===== Data supplied

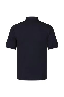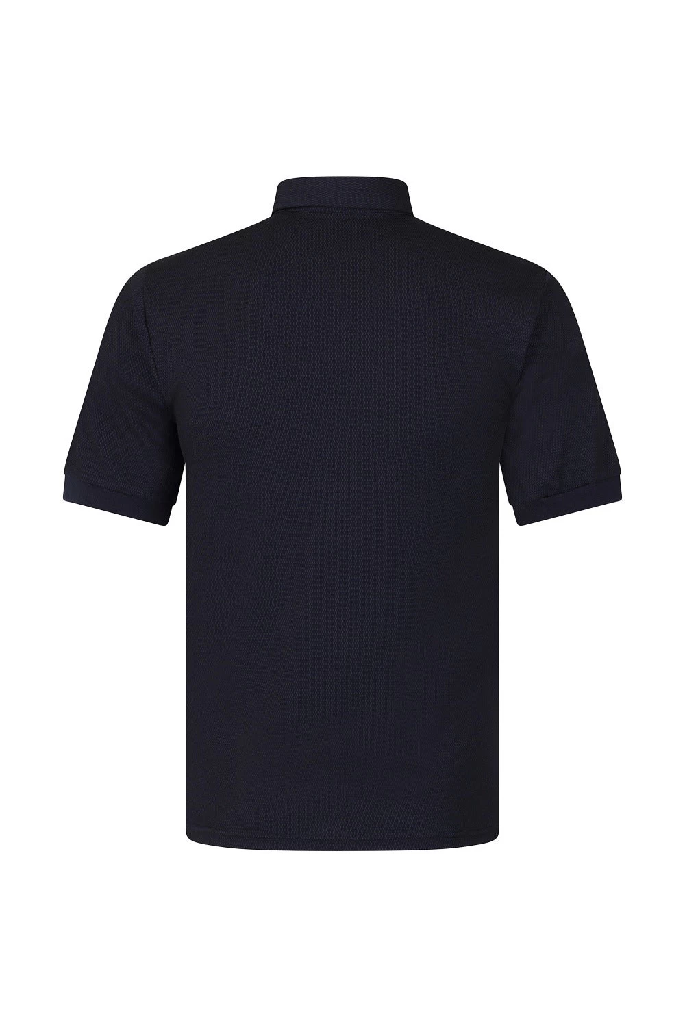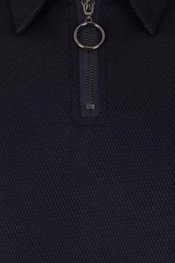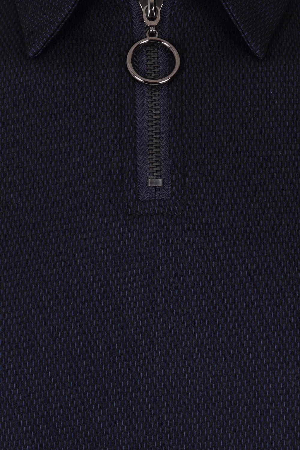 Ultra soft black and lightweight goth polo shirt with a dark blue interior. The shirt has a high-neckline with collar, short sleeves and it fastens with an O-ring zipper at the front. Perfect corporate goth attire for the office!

==========
===== Data supplied

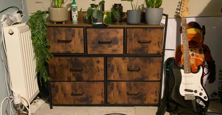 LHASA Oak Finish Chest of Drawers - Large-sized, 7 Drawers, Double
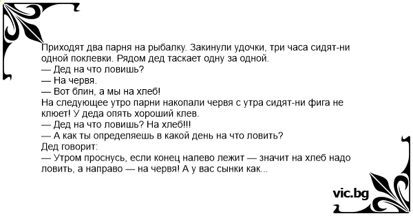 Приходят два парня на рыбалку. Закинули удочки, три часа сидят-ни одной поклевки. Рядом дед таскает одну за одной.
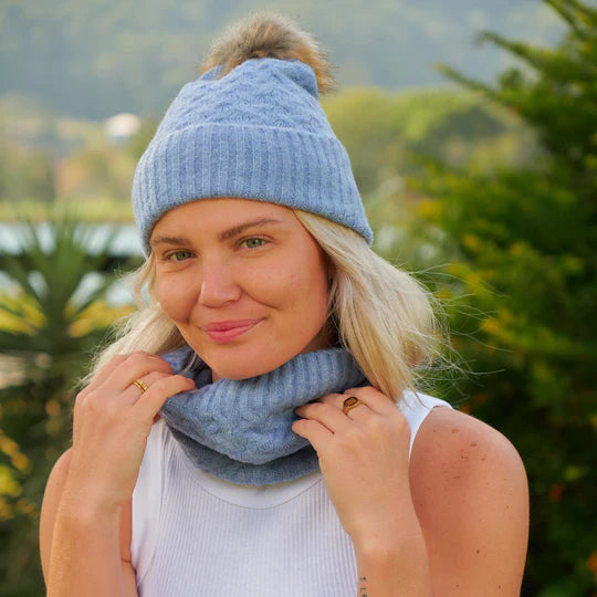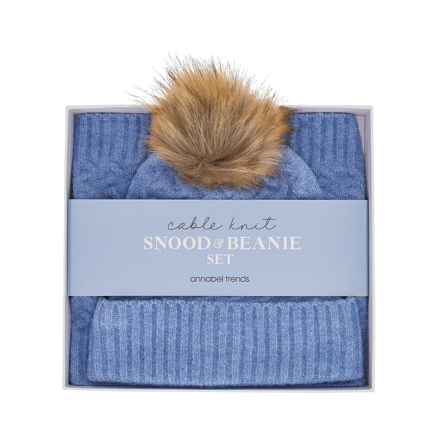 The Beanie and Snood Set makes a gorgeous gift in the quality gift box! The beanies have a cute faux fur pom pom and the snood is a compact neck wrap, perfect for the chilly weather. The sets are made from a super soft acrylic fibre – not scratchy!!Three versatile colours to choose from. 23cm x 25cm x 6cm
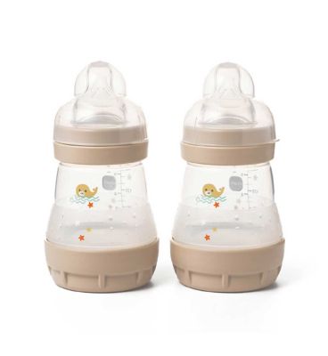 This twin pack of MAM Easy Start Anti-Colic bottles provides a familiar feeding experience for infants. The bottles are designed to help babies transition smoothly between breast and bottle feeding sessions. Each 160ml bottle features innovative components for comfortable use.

==========

▶ Aim of the task
Reproduce, exactly and only, the lines of the records above starting at the line with "LHASA Oak Finish" and ending at the line with "This twin pack", both included. Leave every picture out.

▶ Task response
 LHASA Oak Finish Chest of Drawers - Large-sized, 7 Drawers, Double
 Приходят два парня на рыбалку. Закинули удочки, три часа сидят-ни одной поклевки. Рядом дед таскает одну за одной.
 The Beanie and Snood Set makes a gorgeous gift in the quality gift box! The beanies have a cute faux fur pom pom and the snood is a compact neck wrap, perfect for the chilly weather. The sets are made from a super soft acrylic fibre – not scratchy!!Three versatile colours to choose from. 23cm x 25cm x 6cm
 This twin pack of MAM Easy Start Anti-Colic bottles provides a familiar feeding experience for infants. The bottles are designed to help babies transition smoothly between breast and bottle feeding sessions. Each 160ml bottle features innovative components for comfortable use.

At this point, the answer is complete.